TASK TO COMPLETE →
Word for word, copy the line that contains "Librero alto de" and each line after it in the data below. Pictures stay out of the copy.

DATA EXTRACT →
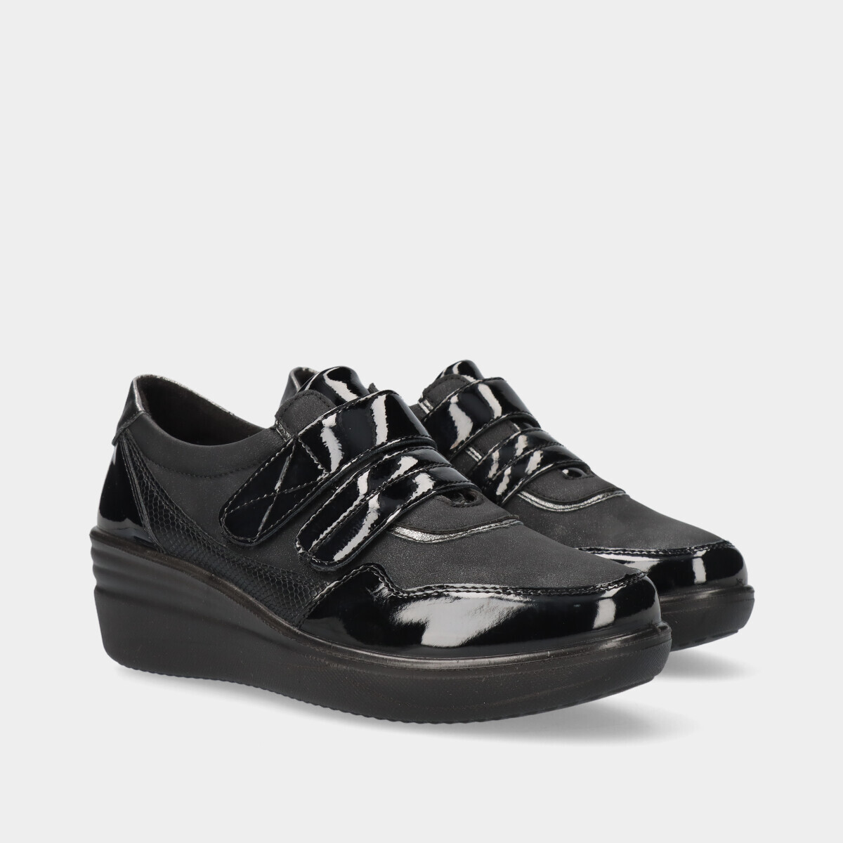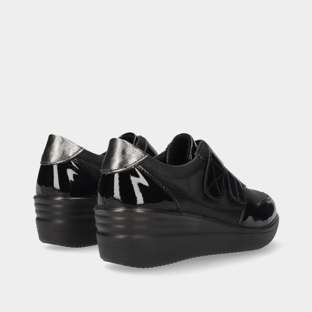 Com o toque de uma cunha elegante e a praticidade de dois fechos de velcro, esta sapatilha foi feita para elevar o seu estilo e proporcionar um conforto supremo.
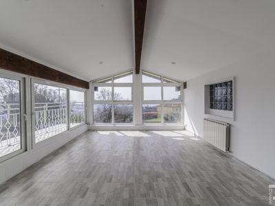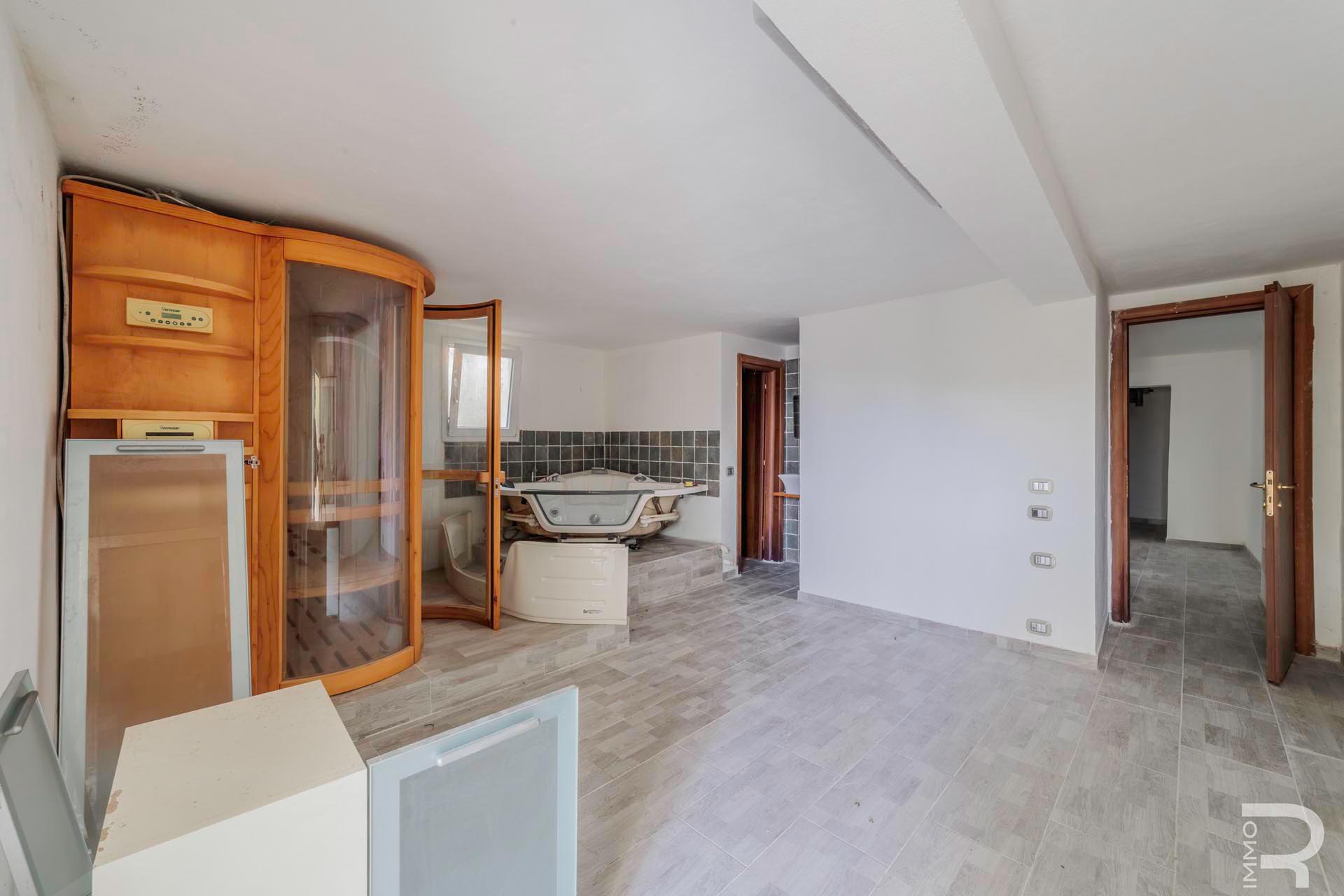Das Gebäude erstreckt sich über zwei Etagen und bietet großzügige Wohnräume mit viel Licht. Ergänzt wird die Villa durch einen verglasten Dachboden, der dank seiner großen Fenster einen beeindruckenden Panoramablick bietet und sich ideal als zusätzlicher Wohn- oder Rückzugsbereich nutzen lässt. Im Untergeschoss befindet sich zudem ein Kellerbereich mit einem Spa, der den Wohnkomfort zusätzlich unterstreicht und einen privaten Wellnessbereich im eigenen Haus schafft.
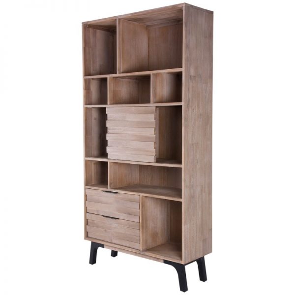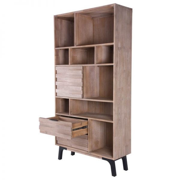 Librero alto de la colección Ámsterdam fabricado en madera maciza de acacia. Este librero de gran capacidad puede ser utilizado como auxiliar tanto en comedores como en otras partes de la casa.
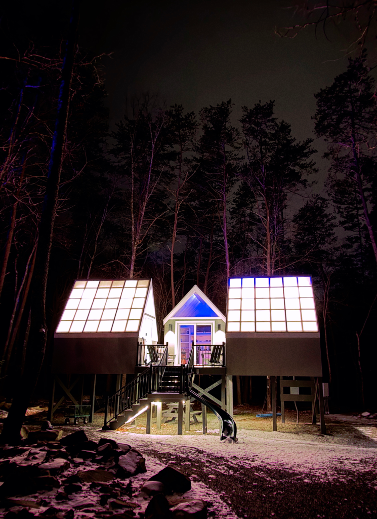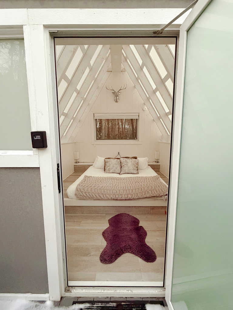 We stayed at Four Fillies, tucked along a river in the woods, in their dreamy Glo Haus cabin. The entire property is a masterclass in intentional glamping — tiny-home-style cabins, converted western wagons, multi-bedroom cabins, all spaced thoughtfully along the river. Cozy, quiet, and exactly what tired hikers need at the end of winter days.

WORKED SOLUTION →
 Librero alto de la colección Ámsterdam fabricado en madera maciza de acacia. Este librero de gran capacidad puede ser utilizado como auxiliar tanto en comedores como en otras partes de la casa.
 We stayed at Four Fillies, tucked along a river in the woods, in their dreamy Glo Haus cabin. The entire property is a masterclass in intentional glamping — tiny-home-style cabins, converted western wagons, multi-bedroom cabins, all spaced thoughtfully along the river. Cozy, quiet, and exactly what tired hikers need at the end of winter days.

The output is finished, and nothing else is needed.